▶ **BRIEF**
The entries are to be output in full, word for word.

+ + + + + + +

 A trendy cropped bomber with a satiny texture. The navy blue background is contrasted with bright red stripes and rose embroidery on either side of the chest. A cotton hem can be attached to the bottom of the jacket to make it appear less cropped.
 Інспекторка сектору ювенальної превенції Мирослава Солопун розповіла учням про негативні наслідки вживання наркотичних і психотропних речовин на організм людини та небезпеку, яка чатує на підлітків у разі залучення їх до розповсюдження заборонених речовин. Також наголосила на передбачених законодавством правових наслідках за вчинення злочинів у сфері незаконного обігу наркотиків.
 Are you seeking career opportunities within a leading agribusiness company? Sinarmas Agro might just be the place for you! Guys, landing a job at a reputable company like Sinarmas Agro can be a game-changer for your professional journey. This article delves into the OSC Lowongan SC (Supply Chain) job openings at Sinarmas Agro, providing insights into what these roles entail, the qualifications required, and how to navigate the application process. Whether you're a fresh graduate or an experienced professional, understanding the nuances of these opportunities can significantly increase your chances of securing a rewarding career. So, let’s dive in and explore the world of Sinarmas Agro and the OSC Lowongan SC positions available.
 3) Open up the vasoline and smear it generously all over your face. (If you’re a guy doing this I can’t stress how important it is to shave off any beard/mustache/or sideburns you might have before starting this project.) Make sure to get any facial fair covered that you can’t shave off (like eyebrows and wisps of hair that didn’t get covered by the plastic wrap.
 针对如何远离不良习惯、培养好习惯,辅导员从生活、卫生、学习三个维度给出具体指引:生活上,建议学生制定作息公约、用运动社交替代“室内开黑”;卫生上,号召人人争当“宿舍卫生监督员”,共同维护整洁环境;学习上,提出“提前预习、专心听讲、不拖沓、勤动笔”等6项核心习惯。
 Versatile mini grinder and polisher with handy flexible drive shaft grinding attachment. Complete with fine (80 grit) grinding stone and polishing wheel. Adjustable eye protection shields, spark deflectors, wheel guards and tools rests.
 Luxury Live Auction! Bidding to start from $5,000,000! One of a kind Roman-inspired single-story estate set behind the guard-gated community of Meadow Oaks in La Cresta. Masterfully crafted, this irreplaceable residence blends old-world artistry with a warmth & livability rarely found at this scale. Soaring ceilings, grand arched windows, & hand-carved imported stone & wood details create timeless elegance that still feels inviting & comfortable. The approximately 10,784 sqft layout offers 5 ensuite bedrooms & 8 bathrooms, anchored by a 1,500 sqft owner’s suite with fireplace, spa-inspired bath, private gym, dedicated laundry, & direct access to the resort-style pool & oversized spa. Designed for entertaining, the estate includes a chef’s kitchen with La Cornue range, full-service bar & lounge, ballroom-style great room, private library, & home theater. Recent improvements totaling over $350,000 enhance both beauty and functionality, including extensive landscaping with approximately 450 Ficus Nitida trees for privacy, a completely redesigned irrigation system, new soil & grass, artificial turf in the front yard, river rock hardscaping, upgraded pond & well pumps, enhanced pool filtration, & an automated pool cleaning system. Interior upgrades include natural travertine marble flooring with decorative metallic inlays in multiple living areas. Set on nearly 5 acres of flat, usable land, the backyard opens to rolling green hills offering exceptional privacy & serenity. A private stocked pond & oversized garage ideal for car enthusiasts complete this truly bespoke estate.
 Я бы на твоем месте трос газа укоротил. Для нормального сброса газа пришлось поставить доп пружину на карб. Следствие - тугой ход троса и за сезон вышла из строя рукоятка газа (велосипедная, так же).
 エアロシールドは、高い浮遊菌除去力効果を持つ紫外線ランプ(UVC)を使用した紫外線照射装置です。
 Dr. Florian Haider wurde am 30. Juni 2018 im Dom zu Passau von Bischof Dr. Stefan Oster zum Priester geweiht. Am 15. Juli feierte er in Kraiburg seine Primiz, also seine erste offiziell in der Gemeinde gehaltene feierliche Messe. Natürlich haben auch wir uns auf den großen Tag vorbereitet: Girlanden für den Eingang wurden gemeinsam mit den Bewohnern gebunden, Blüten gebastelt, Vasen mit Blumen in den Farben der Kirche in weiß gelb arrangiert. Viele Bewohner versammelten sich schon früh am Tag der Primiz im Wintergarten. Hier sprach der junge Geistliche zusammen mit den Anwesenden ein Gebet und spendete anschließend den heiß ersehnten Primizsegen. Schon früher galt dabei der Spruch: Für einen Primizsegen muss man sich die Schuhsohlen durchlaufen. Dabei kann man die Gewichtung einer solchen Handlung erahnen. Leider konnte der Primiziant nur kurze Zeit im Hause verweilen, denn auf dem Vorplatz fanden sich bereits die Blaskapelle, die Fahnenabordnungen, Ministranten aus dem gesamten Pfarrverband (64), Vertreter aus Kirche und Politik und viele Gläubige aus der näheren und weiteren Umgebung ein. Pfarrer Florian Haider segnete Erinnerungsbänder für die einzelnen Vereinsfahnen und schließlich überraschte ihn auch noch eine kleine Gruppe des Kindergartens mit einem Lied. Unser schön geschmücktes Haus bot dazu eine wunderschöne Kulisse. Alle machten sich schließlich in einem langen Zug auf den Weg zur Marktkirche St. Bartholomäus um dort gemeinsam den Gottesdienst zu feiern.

+ + + + + + +

▶ **EXPECTED OUTPUT**
 A trendy cropped bomber with a satiny texture. The navy blue background is contrasted with bright red stripes and rose embroidery on either side of the chest. A cotton hem can be attached to the bottom of the jacket to make it appear less cropped.
 Інспекторка сектору ювенальної превенції Мирослава Солопун розповіла учням про негативні наслідки вживання наркотичних і психотропних речовин на організм людини та небезпеку, яка чатує на підлітків у разі залучення їх до розповсюдження заборонених речовин. Також наголосила на передбачених законодавством правових наслідках за вчинення злочинів у сфері незаконного обігу наркотиків.
 Are you seeking career opportunities within a leading agribusiness company? Sinarmas Agro might just be the place for you! Guys, landing a job at a reputable company like Sinarmas Agro can be a game-changer for your professional journey. This article delves into the OSC Lowongan SC (Supply Chain) job openings at Sinarmas Agro, providing insights into what these roles entail, the qualifications required, and how to navigate the application process. Whether you're a fresh graduate or an experienced professional, understanding the nuances of these opportunities can significantly increase your chances of securing a rewarding career. So, let’s dive in and explore the world of Sinarmas Agro and the OSC Lowongan SC positions available.
 3) Open up the vasoline and smear it generously all over your face. (If you’re a guy doing this I can’t stress how important it is to shave off any beard/mustache/or sideburns you might have before starting this project.) Make sure to get any facial fair covered that you can’t shave off (like eyebrows and wisps of hair that didn’t get covered by the plastic wrap.
 针对如何远离不良习惯、培养好习惯,辅导员从生活、卫生、学习三个维度给出具体指引:生活上,建议学生制定作息公约、用运动社交替代“室内开黑”;卫生上,号召人人争当“宿舍卫生监督员”,共同维护整洁环境;学习上,提出“提前预习、专心听讲、不拖沓、勤动笔”等6项核心习惯。
 Versatile mini grinder and polisher with handy flexible drive shaft grinding attachment. Complete with fine (80 grit) grinding stone and polishing wheel. Adjustable eye protection shields, spark deflectors, wheel guards and tools rests.
 Luxury Live Auction! Bidding to start from $5,000,000! One of a kind Roman-inspired single-story estate set behind the guard-gated community of Meadow Oaks in La Cresta. Masterfully crafted, this irreplaceable residence blends old-world artistry with a warmth & livability rarely found at this scale. Soaring ceilings, grand arched windows, & hand-carved imported stone & wood details create timeless elegance that still feels inviting & comfortable. The approximately 10,784 sqft layout offers 5 ensuite bedrooms & 8 bathrooms, anchored by a 1,500 sqft owner’s suite with fireplace, spa-inspired bath, private gym, dedicated laundry, & direct access to the resort-style pool & oversized spa. Designed for entertaining, the estate includes a chef’s kitchen with La Cornue range, full-service bar & lounge, ballroom-style great room, private library, & home theater. Recent improvements totaling over $350,000 enhance both beauty and functionality, including extensive landscaping with approximately 450 Ficus Nitida trees for privacy, a completely redesigned irrigation system, new soil & grass, artificial turf in the front yard, river rock hardscaping, upgraded pond & well pumps, enhanced pool filtration, & an automated pool cleaning system. Interior upgrades include natural travertine marble flooring with decorative metallic inlays in multiple living areas. Set on nearly 5 acres of flat, usable land, the backyard opens to rolling green hills offering exceptional privacy & serenity. A private stocked pond & oversized garage ideal for car enthusiasts complete this truly bespoke estate.
 Я бы на твоем месте трос газа укоротил. Для нормального сброса газа пришлось поставить доп пружину на карб. Следствие - тугой ход троса и за сезон вышла из строя рукоятка газа (велосипедная, так же).
 エアロシールドは、高い浮遊菌除去力効果を持つ紫外線ランプ(UVC)を使用した紫外線照射装置です。
 Dr. Florian Haider wurde am 30. Juni 2018 im Dom zu Passau von Bischof Dr. Stefan Oster zum Priester geweiht. Am 15. Juli feierte er in Kraiburg seine Primiz, also seine erste offiziell in der Gemeinde gehaltene feierliche Messe. Natürlich haben auch wir uns auf den großen Tag vorbereitet: Girlanden für den Eingang wurden gemeinsam mit den Bewohnern gebunden, Blüten gebastelt, Vasen mit Blumen in den Farben der Kirche in weiß gelb arrangiert. Viele Bewohner versammelten sich schon früh am Tag der Primiz im Wintergarten. Hier sprach der junge Geistliche zusammen mit den Anwesenden ein Gebet und spendete anschließend den heiß ersehnten Primizsegen. Schon früher galt dabei der Spruch: Für einen Primizsegen muss man sich die Schuhsohlen durchlaufen. Dabei kann man die Gewichtung einer solchen Handlung erahnen. Leider konnte der Primiziant nur kurze Zeit im Hause verweilen, denn auf dem Vorplatz fanden sich bereits die Blaskapelle, die Fahnenabordnungen, Ministranten aus dem gesamten Pfarrverband (64), Vertreter aus Kirche und Politik und viele Gläubige aus der näheren und weiteren Umgebung ein. Pfarrer Florian Haider segnete Erinnerungsbänder für die einzelnen Vereinsfahnen und schließlich überraschte ihn auch noch eine kleine Gruppe des Kindergartens mit einem Lied. Unser schön geschmücktes Haus bot dazu eine wunderschöne Kulisse. Alle machten sich schließlich in einem langen Zug auf den Weg zur Marktkirche St. Bartholomäus um dort gemeinsam den Gottesdienst zu feiern.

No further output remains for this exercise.